千手の局(つぼね)伝説(その1)
このお話は、広報あさぎりに連載中の「あさぎり面白ばなし」を再掲載したものです。
あさぎり町深田東、内山地区にある内山観音堂の東に「千手の局(つぼね)」または「千手姫」という女性の墓があると伝えます。しかし、今ではどの墓が彼女の墓なのか特定できませんが、彼女にまつわる伝説を紹介しましょう。
そのむかし、深田村の内山に仙右衛門という農夫がいました。子どもがいなかったので、子どもをさずかりますようにと、本尊の千手観音さまにお願いしたところ、そのご利益があってか女の子をさずかりました。女の子は、育つにつれてそれはとても美しくなり、里人は千手観音さまの申し子として敬い、また彼女をひとめ見ようと遠くからやってくる者も大勢いたといいます。

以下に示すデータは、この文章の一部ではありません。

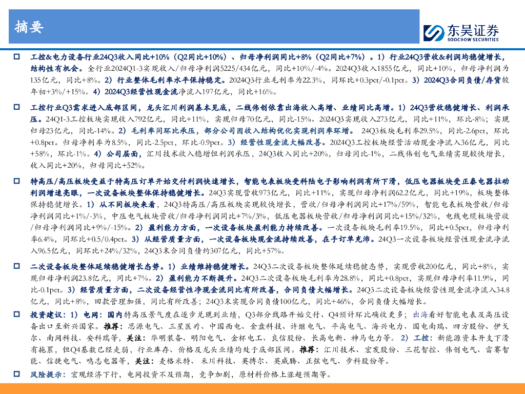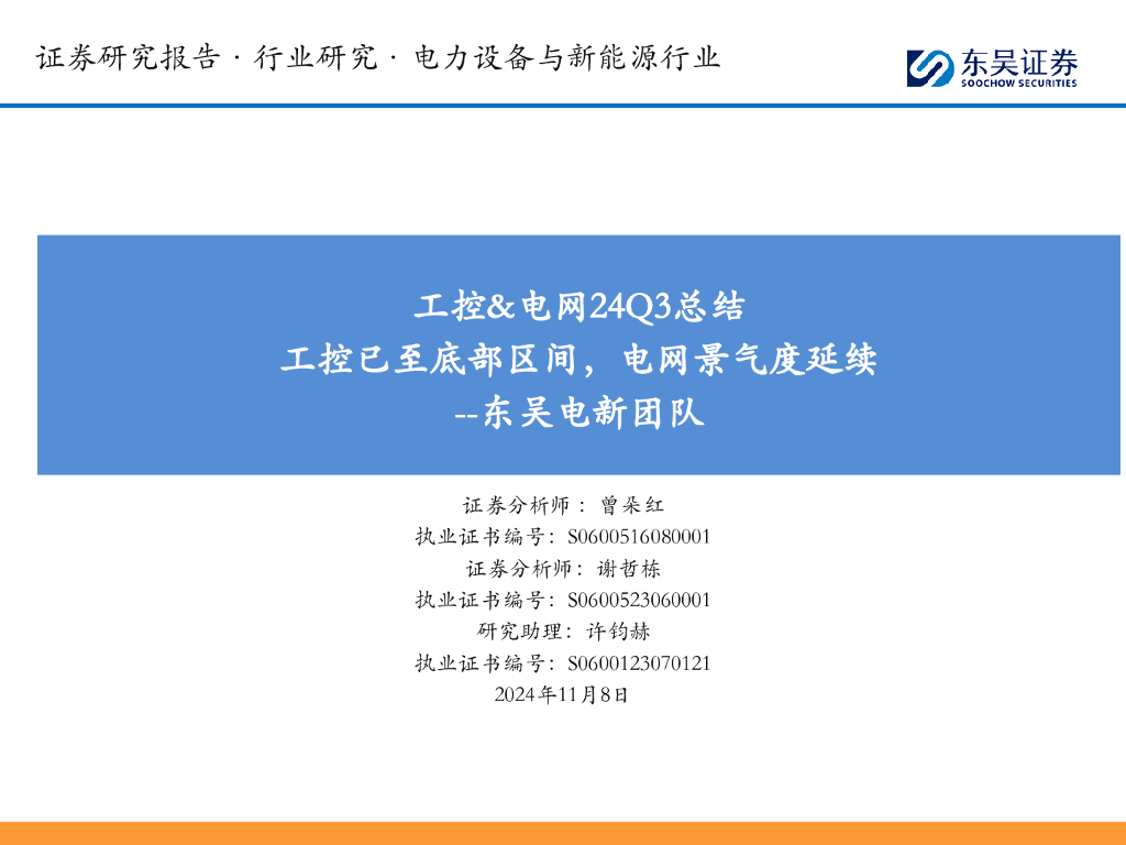 东吴证券:工控&电网24Q3总结:工控已至底部区间,电网景气度延续.pdf

ある日、近くの向町で阿弥陀堂の落成法要があり、彼女は出かけていきました。しかし、あまりにも見目麗しい女性であったがゆえ、あろうことか薩摩(鹿児島県)から来たきこり(一説に巡礼者)にさらわれてしまい、坊の津(鹿児島県川辺郡坊津町)の遊女屋に売られてしまったのです。

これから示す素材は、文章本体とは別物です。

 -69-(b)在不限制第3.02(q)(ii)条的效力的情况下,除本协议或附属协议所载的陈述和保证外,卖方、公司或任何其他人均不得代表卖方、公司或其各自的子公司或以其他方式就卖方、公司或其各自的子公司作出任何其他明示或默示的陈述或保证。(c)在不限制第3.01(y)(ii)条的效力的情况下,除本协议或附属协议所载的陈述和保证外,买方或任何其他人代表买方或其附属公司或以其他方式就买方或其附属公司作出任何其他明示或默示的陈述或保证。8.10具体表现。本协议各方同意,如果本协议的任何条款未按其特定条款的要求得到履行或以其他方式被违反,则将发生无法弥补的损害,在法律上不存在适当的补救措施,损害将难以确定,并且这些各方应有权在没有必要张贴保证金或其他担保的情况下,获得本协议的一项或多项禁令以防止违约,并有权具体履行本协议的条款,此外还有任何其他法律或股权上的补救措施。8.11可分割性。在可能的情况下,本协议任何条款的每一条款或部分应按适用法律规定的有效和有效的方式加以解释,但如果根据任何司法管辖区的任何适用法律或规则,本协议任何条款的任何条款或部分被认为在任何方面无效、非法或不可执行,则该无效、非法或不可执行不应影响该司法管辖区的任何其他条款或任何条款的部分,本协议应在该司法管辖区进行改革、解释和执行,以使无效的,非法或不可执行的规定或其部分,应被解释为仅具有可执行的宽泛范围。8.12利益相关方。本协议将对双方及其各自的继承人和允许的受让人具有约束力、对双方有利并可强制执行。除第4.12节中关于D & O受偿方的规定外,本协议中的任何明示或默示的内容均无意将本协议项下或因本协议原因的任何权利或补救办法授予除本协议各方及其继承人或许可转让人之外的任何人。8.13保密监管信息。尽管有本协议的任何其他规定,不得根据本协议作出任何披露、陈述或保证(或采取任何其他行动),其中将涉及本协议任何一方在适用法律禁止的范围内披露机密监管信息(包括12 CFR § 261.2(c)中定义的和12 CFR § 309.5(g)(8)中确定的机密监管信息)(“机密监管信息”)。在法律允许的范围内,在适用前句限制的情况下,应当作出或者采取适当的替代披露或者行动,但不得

そして、時は過ぎたある日、薩摩の殿さまの島津貴久公が、「一日に和歌百首(一説に千首)を詠む者あらば、側室に迎えよう」と領民に募られたところ、さらわれてしまった遊女ただ一人だけが和歌を詠むことができました。そして、その遊女の美しさと教養の見事さもあって殿さまの側室となることができました。名前は「千手の局」と名乗りました。それから、めでたく殿さまの四男にあたる「島津家久」を出産しました。この「家久」というのが知略武勇で有名な武将となるのです。
一方、内山では、「千手の局」の母が、愛娘がさらわれてから、半ば狂ったように東に西にと彼女をたずね歩いていて、それから、薩摩に入ってからは、殿さまの腰元の女中となって娘をさがしていましたが、三年後の春、殿さまの梅花の宴で母と娘は偶然にも出会うことができたのです。ふたりは、その時抱きあって感涙にむせたと伝えます。
さて、ある時、城内で世継ぎ争いによる若君の家久を殺害する陰謀が起こりましたが、逃げる途中、「きつね」に助けられて、運良く無事にのりこえることができたといいます。